PROVIDED DATA.
┌────────

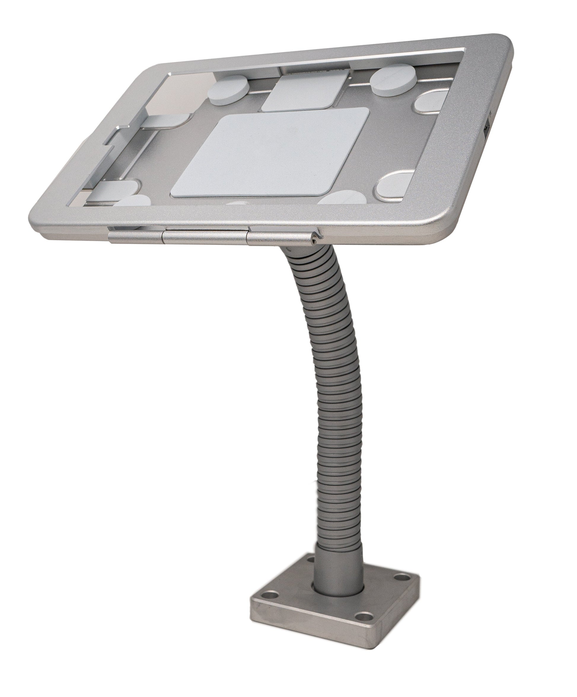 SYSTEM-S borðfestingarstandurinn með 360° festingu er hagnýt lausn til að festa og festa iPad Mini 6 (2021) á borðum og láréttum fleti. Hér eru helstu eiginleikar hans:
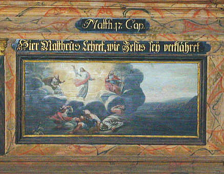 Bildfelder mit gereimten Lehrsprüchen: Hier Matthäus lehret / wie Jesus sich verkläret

└────────
┌────────

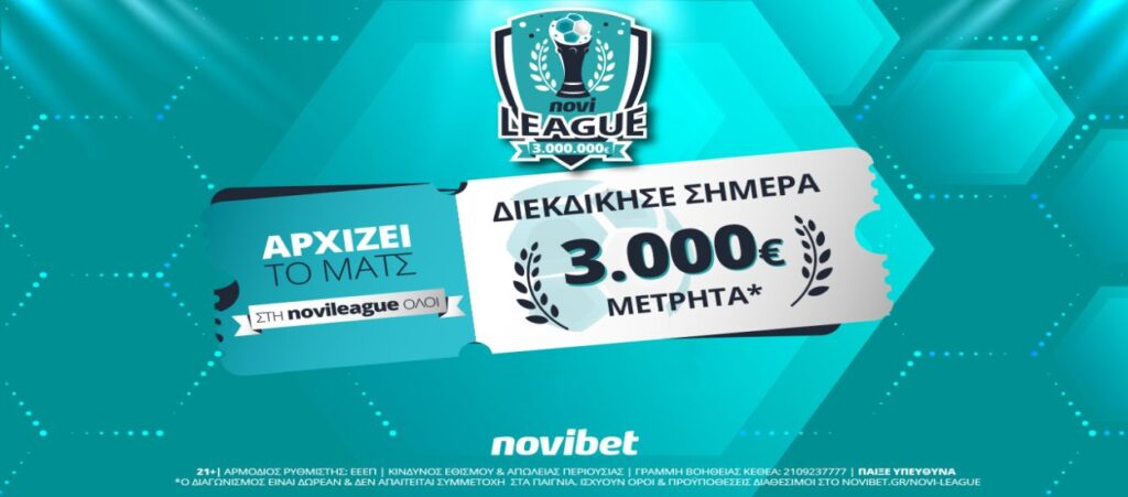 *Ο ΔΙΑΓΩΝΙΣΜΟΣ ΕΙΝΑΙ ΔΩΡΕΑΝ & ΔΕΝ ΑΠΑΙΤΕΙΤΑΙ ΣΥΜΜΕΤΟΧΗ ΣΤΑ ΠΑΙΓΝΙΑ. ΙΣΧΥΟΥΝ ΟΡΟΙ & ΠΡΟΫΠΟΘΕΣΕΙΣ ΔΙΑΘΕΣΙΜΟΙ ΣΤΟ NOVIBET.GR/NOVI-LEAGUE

└────────

The answer must be the part of the records that opens with the line containing "SYSTEM-S borðfestingarstandurinn með" and closes with the line containing "Bildfelder mit gereimten", reproduced exactly, with no pictures.

 SYSTEM-S borðfestingarstandurinn með 360° festingu er hagnýt lausn til að festa og festa iPad Mini 6 (2021) á borðum og láréttum fleti. Hér eru helstu eiginleikar hans:
 Bildfelder mit gereimten Lehrsprüchen: Hier Matthäus lehret / wie Jesus sich verkläret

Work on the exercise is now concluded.